→ TASK INSTRUCTIONS
In the data below, the copy begins at the line containing "einsehen und auswählen." and runs through the last line; repeat those lines exactly, minus the pictures.

→ AVAILABLE RECORDS
◆ ◆ ◆ ◆ ◆

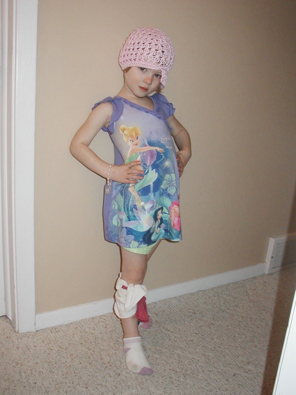 and I can't decide if it's funny or disturbing. A week or two ago Anne woke up, beautified herself with a hat, bracelet, her favorite mismatched socks (with blue masking tape around one for extra beauty), and a washcloth tied around her leg. It was cute, so I got out the camera to take a picture, and she strikes a pose. She's three years old, people. And MY (I'm the person children sometimes mistake for a boy) daughter.
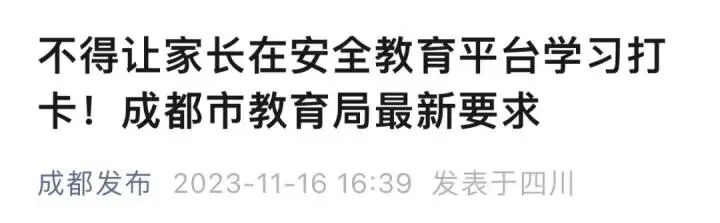 11月16日,成都市教育局发布最新要求,不得让家长在安全教育平台学习打卡——
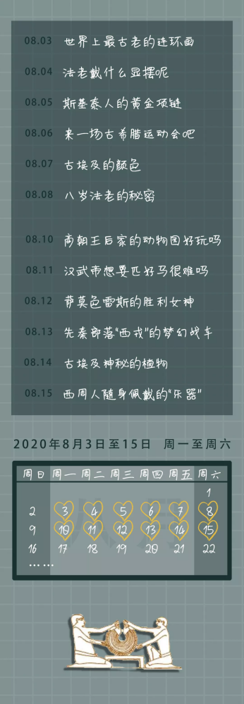 小小博物家,這個(gè)夏天我們從古埃及到古中國,為漢武帝尋馬,拜訪八歲的埃及法老,追尋最古老的連環(huán)畫……與傳統(tǒng)課堂不同,小小博物家十二講,營造充滿互動性的“沉浸式”課堂。
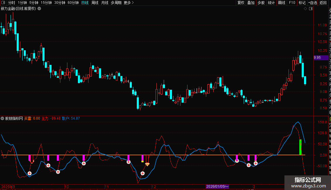 X_19:=CROSS(主力,散户) AND 主力<(-10);
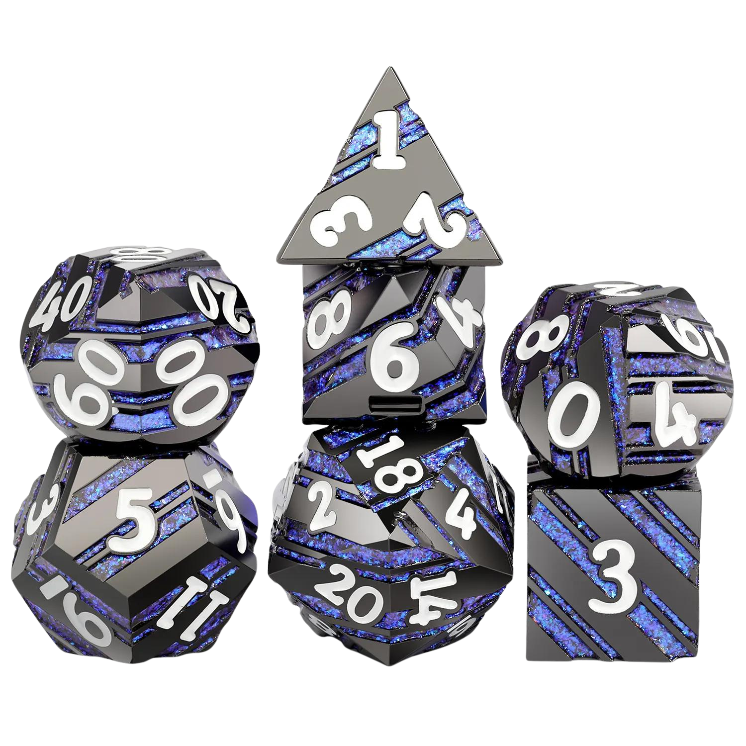 Ontdek avontuur en magie met onze Metal Dice set voor Dungeons & Dragons. Deze betoverende dobbelstenen zijn een must-have voor avonturiers en een prachtige toevoeging aan je uitrusting. Vervaardigd met vakmanschap uit metaal, voegen ze gewicht en substantie toe aan je worpen, terwijl hun mysterieuze zwarte tint en verleidelijke blauwe glitterstrepen een indrukwekkende visuele impact hebben.
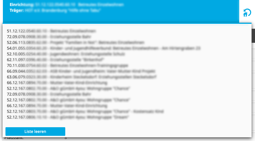 ) können Sie die 20 zuletzt aufgerufenen Einrichtungen einsehen und auswählen.
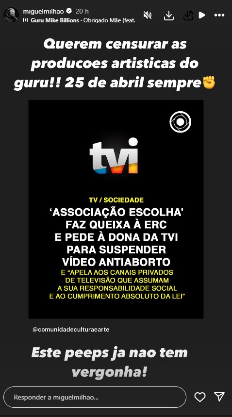 A associação em causa defende a interrupção voluntária da gravidez e considera que a transmissão do vídeo pela TVI “representa incumprimento” e exige que o grupo Media Capital “cesse imediatamente o acordo publicitário firmado com Miguel Milhões (Guru Mike Millions) e que retire do ar qualquer menção ao videoclip“.
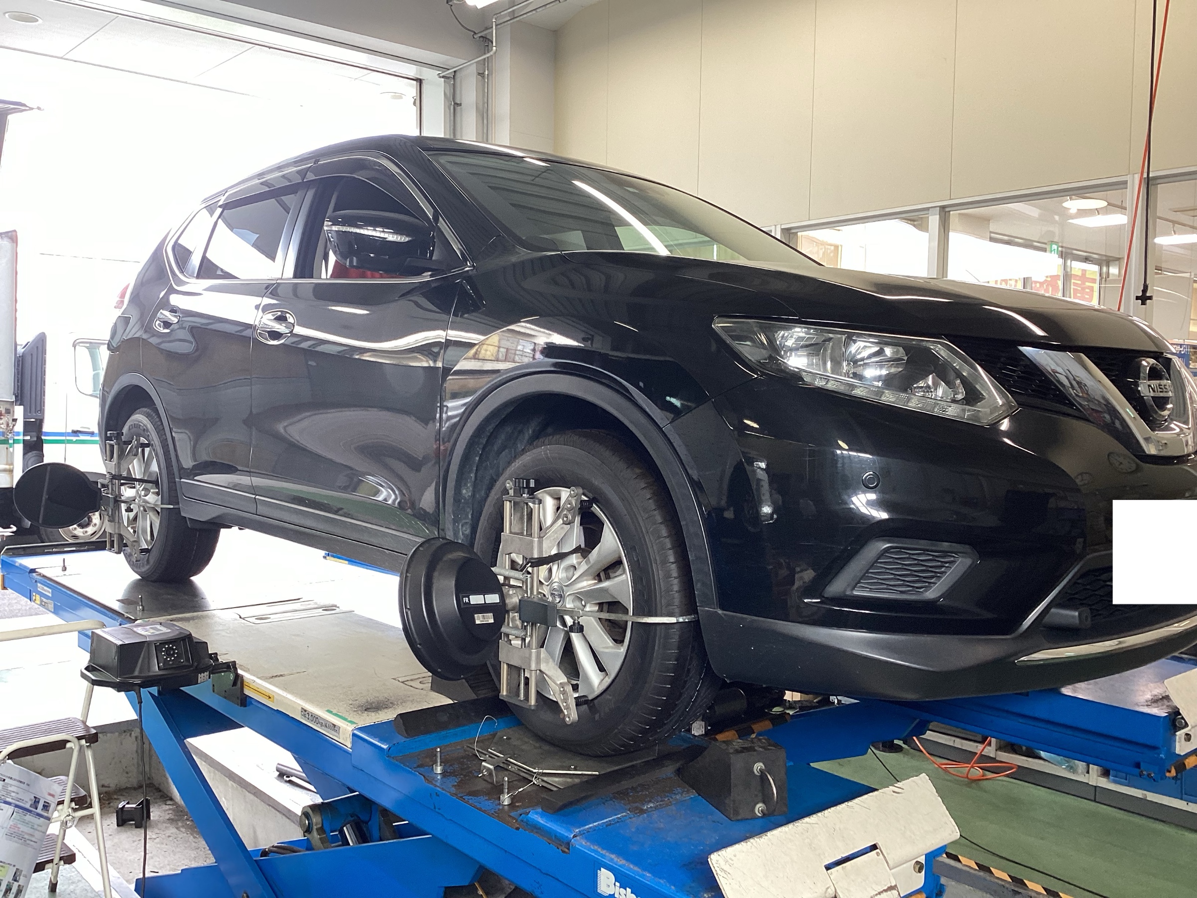 【ニッサン・エクストレイル】夏用タイヤ交換・アライメント作業(ブリヂストン DUELER H/L850)
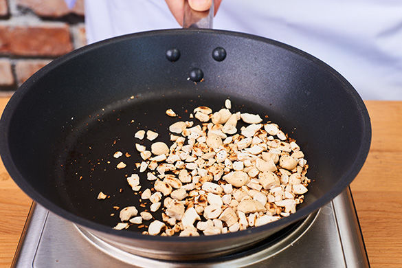 In einem großen Topf ausreichend gesalzenes Wasser zum Kochen bringen. Eine Pfanne auf mittlere Stufe erhitzen und die Cashewnüsse ohne Öl ca. 2-3Min. goldgelb rösten. Den Käse reiben. Die Petersilie grob hacken. Ofen auf 180°C Umluft vorheizen.

◆ ◆ ◆ ◆ ◆

→ FINAL ANSWER
 ) können Sie die 20 zuletzt aufgerufenen Einrichtungen einsehen und auswählen.
 A associação em causa defende a interrupção voluntária da gravidez e considera que a transmissão do vídeo pela TVI “representa incumprimento” e exige que o grupo Media Capital “cesse imediatamente o acordo publicitário firmado com Miguel Milhões (Guru Mike Millions) e que retire do ar qualquer menção ao videoclip“.
 【ニッサン・エクストレイル】夏用タイヤ交換・アライメント作業(ブリヂストン DUELER H/L850)
 In einem großen Topf ausreichend gesalzenes Wasser zum Kochen bringen. Eine Pfanne auf mittlere Stufe erhitzen und die Cashewnüsse ohne Öl ca. 2-3Min. goldgelb rösten. Den Käse reiben. Die Petersilie grob hacken. Ofen auf 180°C Umluft vorheizen.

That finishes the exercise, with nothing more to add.